Dan resten mij nu nog twee punten, voorzitter, namelijk het corona-herstelbeleid en de woningmarkt.
Te beginnen met het Corona-herstelbeleid. Daar hebben we de afgelopen weken stevige debatten over gevoerd, die ook nog niet zijn afgerond. En nu snap ik heel goed dat de begroting die wij voor ons hebben, al enige tijd geleden is opgesteld en destijds ook niet voorspeld kon worden waar we ons nu zouden bevinden. Maar soms is zo’n kleine tijdcapsule wel heel verhelderend.
- In de begroting wordt opgemerkt dat over de bestedingsplannen voor het coronaherstelbeleid reeds is besloten. Dat is natuurlijk nog niet gebeurd. Maar relevanter is dat we in deze begroting lezen dat de gereserveerde tien miljoen mogelijk niet toereikend zal zijn. Omdat het in deze raad een heet hangijzer is welke bedragen wel of niet toereikend zijn, wil ik toch maar aan het college vragen welk bedrag het nodig acht om het risico op een ontoereikend gebleken reserve naar een aanvaardbaar peil te krijgen. Hoeveel geld zouden we in deze bestemmingsreserve moeten stoppen?
- Dan een minder financieel en meer inhoudelijk punt, voorzitter, want we kunnen in deze begroting lezen dat het corona-herstelbeleid inzet op een maatschappelijke situatie die minimaal gelijk is aan wat we voor corona hadden. Dat is nu juist NIET de bedoeling. En wij waren onder de indruk dat het college daar ook niet op uit was. Het ging toch juist om het HERSTELLEN van weeffouten die nu zichtbaar zijn geworden? Niet om het weer toedekken van die weeffouten. Graag een reactie van de verantwoordelijk wethouder op dit punt. We hopen dat de wethouder met toereikende antwoorden komt, maar anders overwegen wij op dit punt een amendement.

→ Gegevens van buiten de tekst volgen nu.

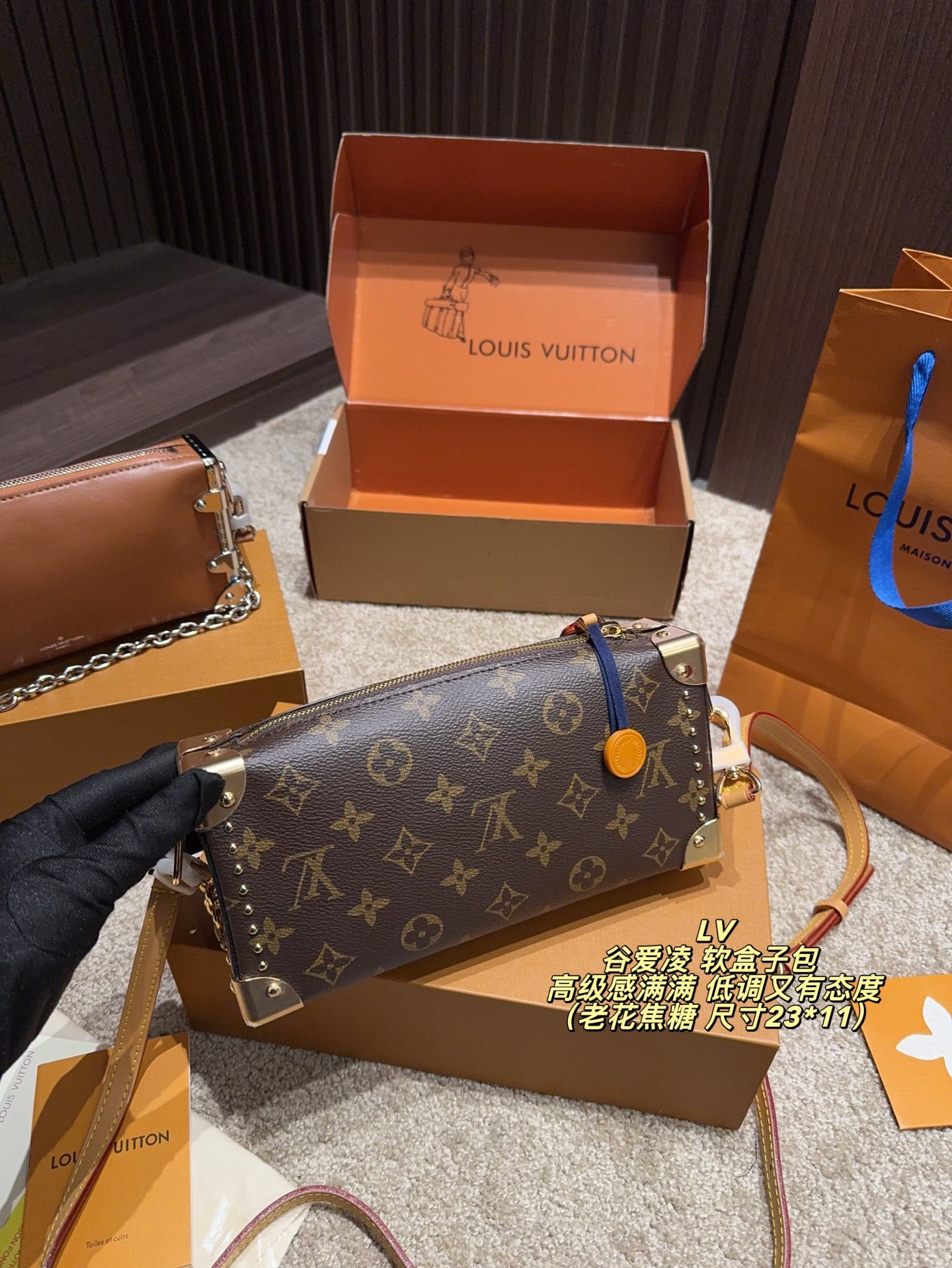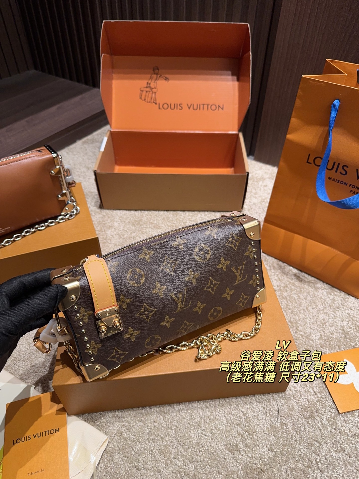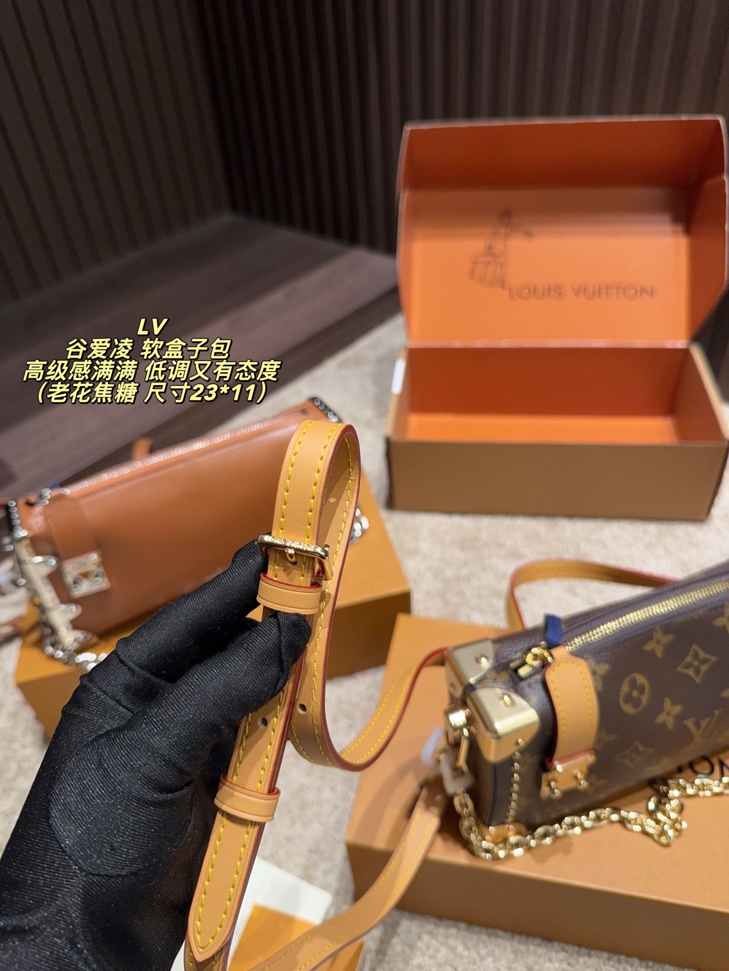 全套包装尺寸23 11 LV 谷爱凌 软盒子包 黑银链条 低调又有态度 五金部分都很有质感 包包皮质也很软糯 不重 我另外搭配了一根男装链条增加一些层次感 时髦感up up up平时都是爱金色系的我 对这次的黑银系列爱不释手

Tot slot, voorzitter, nog enkele woorden over een andere kloof in de samenleving: de woningmarkt. Amsterdam en andere grote steden werken inmiddels aan een zelfbewoonplicht, op basis van de wettelijke mogelijkheden die daarvoor binnenkort ontstaan. Wij staan van harte achter de eerder al door collega’s toegelichte en ingediende moties moties aangaande zelfbewoonplicht en de maximering van de prijs van nieuw te bouwen huizen. We hopen dat het college die moties ook volledig kan en zal omarmen.
Voorzitter, tot zover, wij kijken uit naar de reactie van het college.